For a moment, Dara just looks at her, a curious little smile on her face. Then, she closes ehr eyes a moment and takes a breath, before looking at her with a more serious expression. "Nari, talk to him. Not because he might love you, you know my feelings on that. But because it helps. Because avoiding her for weeks didn't make the pain any less, and didn't make it any easier when we finally talked. Talk to him, because until you do, you are trapped. Trapped in your despair, trapped in your love for him, trapped in it all. And I want you to be free, you deserve that freedom." She glances away. "I know it's not my place to say that, but it's how I feel."

Nari sets her mug down and reaches for Dara's hand. She curls her fingers around the cook's gently and squeezes. "Thank you. I... I sort of planned on it. But... that's incredibly good advice. And I plan on taking it." Tentatively, Nari lifts Dara's hand up to her mouth and places a soft kiss on her knuckles.

Essdara looks back at her with a gentle smile, returning the squeeze. "I wish I could make that easier for you, Nari. I wish I could make all of this easier. But you are a strong and wonderful woman, and I know you will get through this.
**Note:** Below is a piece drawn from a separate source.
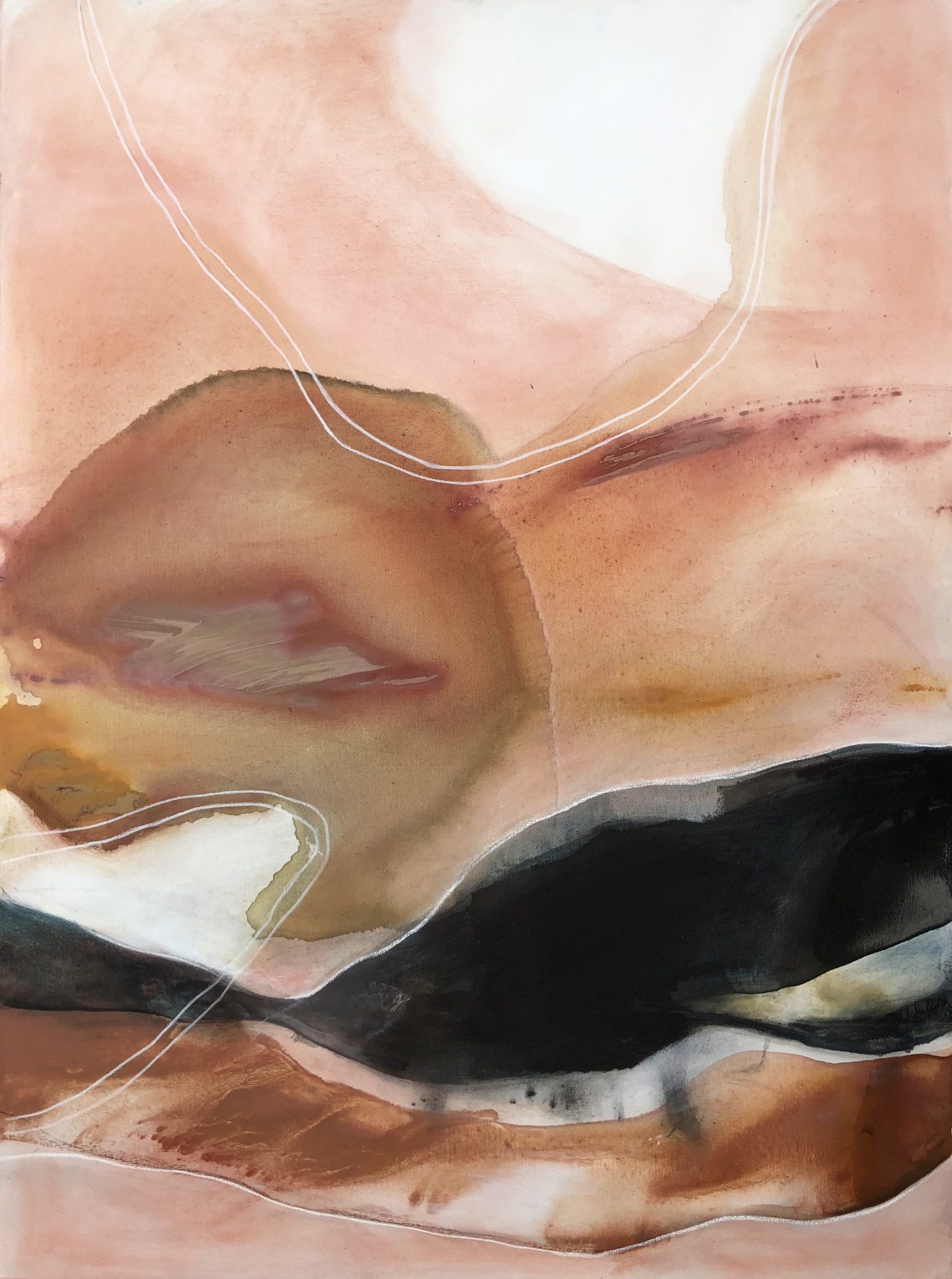 Desert Sky 3 is inspired by the light, the colours and the natural beauty of the Noosa region of Australia. “What I love most about Noosa is the interplay of light. From the oceans to the clouds, to the river estuaries and the hinterland, this canvas unfolds before me every day and finds expression in my paintings”. – Dinah Wakefield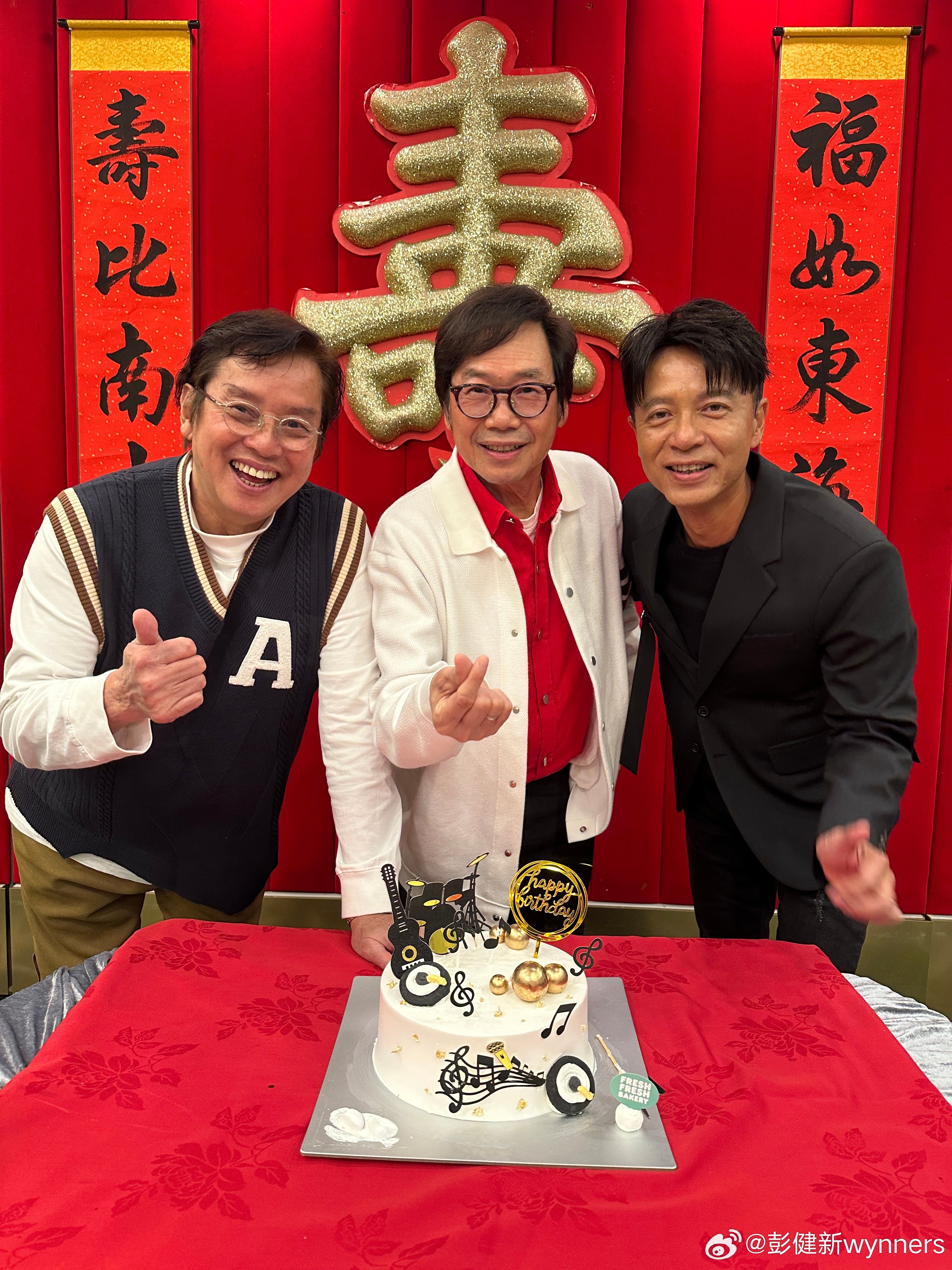 閒時熱愛釣魚嘅 彭健新 今日踏入76歲,早年身為溫拿成員之一嘅「健仔」,就獲一眾好友包括 譚詠麟 曾志偉 苗僑偉 送上金咪蛋糕為佢慶祝,同數十年好友共聚嘅壽星非常高興,仲Post出咪高峰蛋糕特寫,而忙爆嘅 李克勤 亦激罕現身飯局, 鄺美雲 亦有向壽星健仔送上禮物。

And you know if you need me, I'm usually here, or someone here will know." A soft blush across her cheeks emerges at that kiss, and a pleased smile. "Or even if you just get lonely or bored."

"Trust me. I'll come by." Nari sets her mug aside and then releases Dara's hand. "But. On that note. I should go find D'ven before my courage fails me."

Essdara nods, rising to her feet. "Good luck, Nari, and best wishes in it. No matter what happens, you know you're not alone." A crooked smile, "Just remember, he's D'ven. You've known him since you were thirteen, probably as well as he knows himself. You know you'll come out of this friends."

Nari flashes a bit of a grin and nods as she slips out of the kitchens.